To do
Within the lines below, the span from the line with "患者张女士赠送锦旗感谢我院周亚峰副院长、心血管内科陈弹主任医师及全体医护" to the line with "Sich putzender Höckerschwan", both ends included, is to be reproduced exactly, with pictures omitted.

Records from a data collection:
================
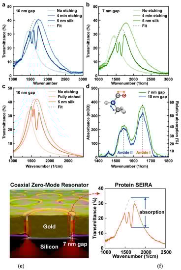 Transmission spectra for no etching, after etching and silk coated conditions for (a) 10 nm and (b) 7 nm wide nanogap respectively. (c) Simulated transmission spectra using 10 nm wide nanogaps under three conditions are plotted for comparison. (d) Absorption of 5 nm silk by using 10 nm and 7 nm wide nanogap. (e) Schematic presentation of nanogap-based coaxial zero-mode resonator. (f) Fitting curve is used in transmission spectra to demonstrate the absorption intensity. Adapted from [99], with permission © 2018 American Chemical Society.
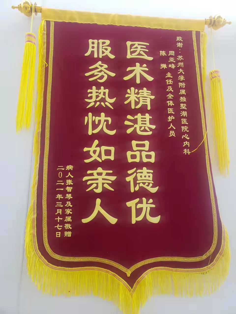 患者张女士赠送锦旗感谢我院周亚峰副院长、心血管内科陈弹主任医师及全体医护
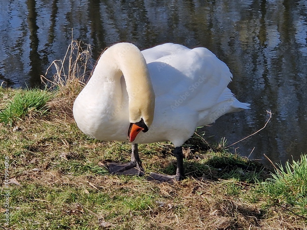 Sich putzender Höckerschwan am Teich - cygnus 3
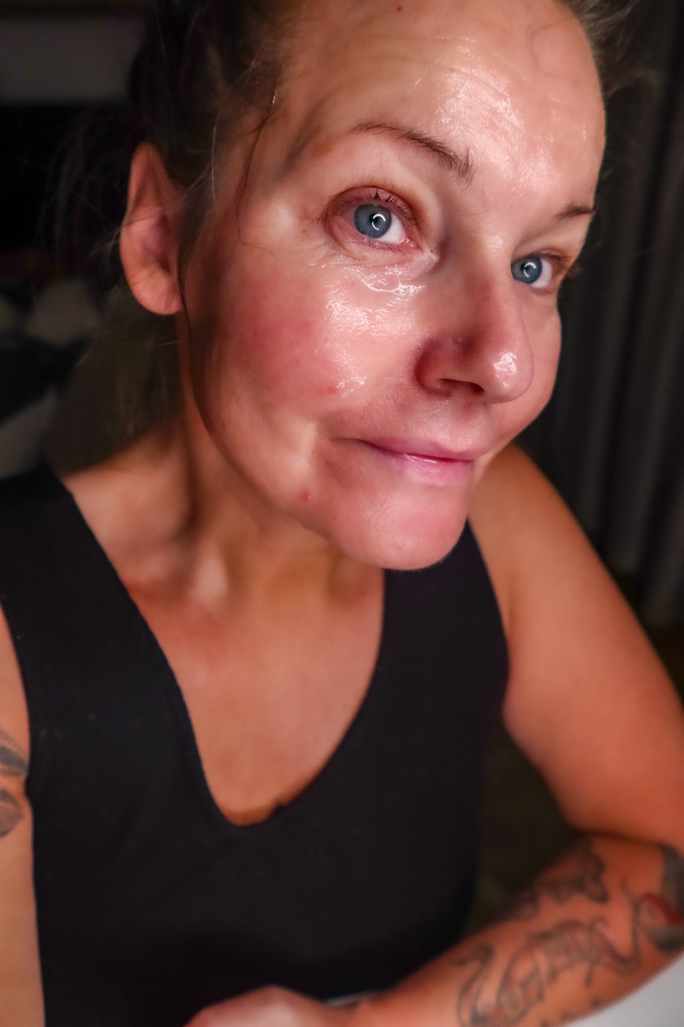 Här sitter jag och ser ut som en blöt katt! Har kladdat in håret i ansiktsmasken också. Haha, men jädrans så bra det blir alltså. Den här masken bara åker in slurp i ansiktet. Kan heller inte avgöra om det känns varmt eller kallt i ansiktet, supersjuk känsla men det känns verkligen som att den bara booooostar. ÄLSKAR!
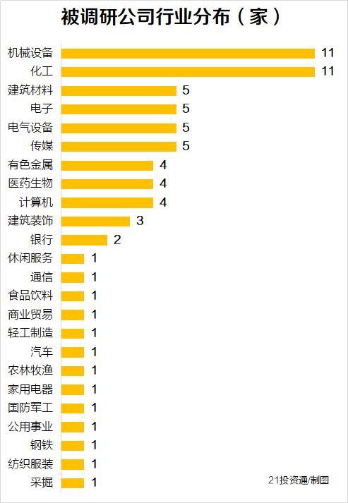 从行业分布来看,化工、机械设备最受机构青睐,均有11家相关公司被调研,其次是电子、建筑材料、电气设备、传媒行业,均有5家以上公司获调研。
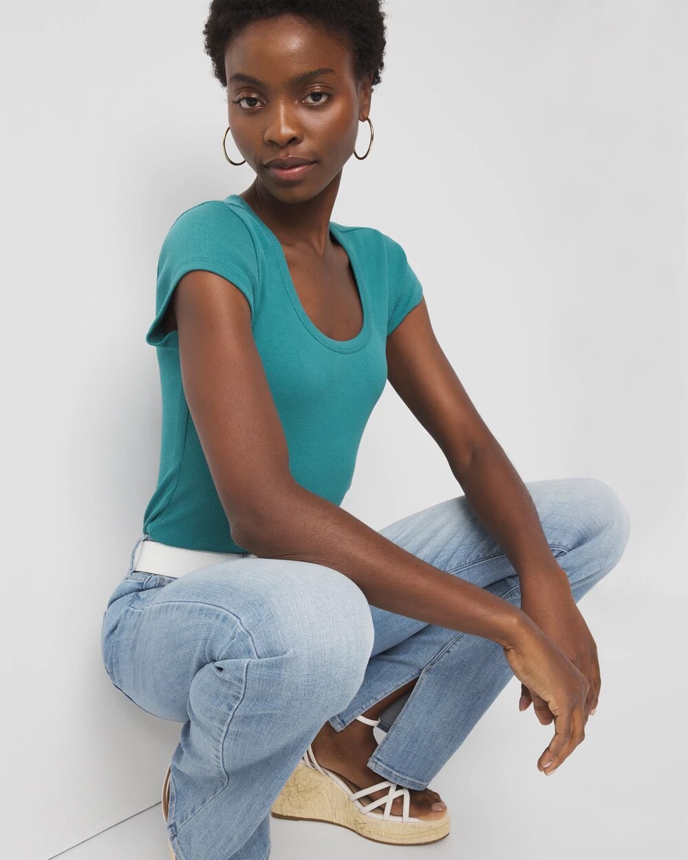 Part of our new WHBMFORME™ collection, this ribbed stretch scoop neck top gives you the iconic look you want in a tee. Our ribbed fabric stretches and smooths your body, offering a flattering silhouette.
================
Reply to the exercise
 患者张女士赠送锦旗感谢我院周亚峰副院长、心血管内科陈弹主任医师及全体医护
 Sich putzender Höckerschwan am Teich - cygnus 3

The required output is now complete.